The FOMC has already cut US rates at its last two meeting and experts believe it will be happening again this week when the committee meets.

There are a few reasons for this that we should first consider.

The first one is of course inflation. To me, this is an interesting metric. As it stands, inflation in the US is sitting at 2.8%. That is above their target rate of 2.0%.

That said we have seen signs of it weakening recently and that won’t be something the FOMC would want.

But given that it is relatively healthy compared to its target makes for an interesting debate.

At the same time jobs growth, which many would say is a leading indicator appears to be slowing as well.

But at the same time, the unemployment rate is at 3.5%. Incredibly low by historic standards.

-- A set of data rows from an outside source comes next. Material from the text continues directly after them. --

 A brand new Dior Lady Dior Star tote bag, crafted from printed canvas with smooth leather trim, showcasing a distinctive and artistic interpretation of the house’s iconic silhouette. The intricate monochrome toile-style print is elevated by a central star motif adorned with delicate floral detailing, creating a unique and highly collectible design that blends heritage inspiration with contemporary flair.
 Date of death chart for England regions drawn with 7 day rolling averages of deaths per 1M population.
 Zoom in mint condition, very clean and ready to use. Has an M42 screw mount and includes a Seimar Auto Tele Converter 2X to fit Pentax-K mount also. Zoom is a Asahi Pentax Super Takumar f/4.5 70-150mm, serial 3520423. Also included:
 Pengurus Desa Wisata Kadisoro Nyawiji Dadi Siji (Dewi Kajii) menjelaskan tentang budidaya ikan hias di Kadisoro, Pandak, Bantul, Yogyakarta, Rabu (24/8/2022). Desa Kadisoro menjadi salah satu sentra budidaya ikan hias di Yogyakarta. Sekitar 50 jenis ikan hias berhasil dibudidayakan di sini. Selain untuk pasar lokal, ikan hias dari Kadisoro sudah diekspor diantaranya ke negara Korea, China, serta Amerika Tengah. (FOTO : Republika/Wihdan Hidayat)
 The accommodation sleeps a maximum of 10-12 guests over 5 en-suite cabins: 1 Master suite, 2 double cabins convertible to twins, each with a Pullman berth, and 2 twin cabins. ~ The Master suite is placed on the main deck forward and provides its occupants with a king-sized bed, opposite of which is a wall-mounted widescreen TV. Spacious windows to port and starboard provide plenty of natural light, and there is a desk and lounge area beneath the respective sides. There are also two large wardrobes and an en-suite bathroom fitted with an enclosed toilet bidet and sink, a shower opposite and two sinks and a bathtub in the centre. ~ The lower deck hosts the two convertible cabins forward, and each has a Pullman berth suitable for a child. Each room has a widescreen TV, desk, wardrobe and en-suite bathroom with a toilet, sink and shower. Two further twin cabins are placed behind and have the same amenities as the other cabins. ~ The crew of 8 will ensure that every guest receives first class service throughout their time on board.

So why exactly are the FOMC looking to cut?

Well, the big fear is that we could see a US recession next year. Or at least falling GDP growth. GDP growth has probably been one of the key metrics that hasn’t impressed.

It is still sitting at healthy levels, but many economists are expecting it to fall in 2020.

The US is far from recession level in my opinion, but in terms of the numbers, they would want to see this number growing QoQ. A recession is technically two consecutive periods of negative economic growth.

So that would be a key reason for a further cut. 

But in truth, things in the US are not going too badly, notwithstanding the US-China trade wars and the political turmoil of course.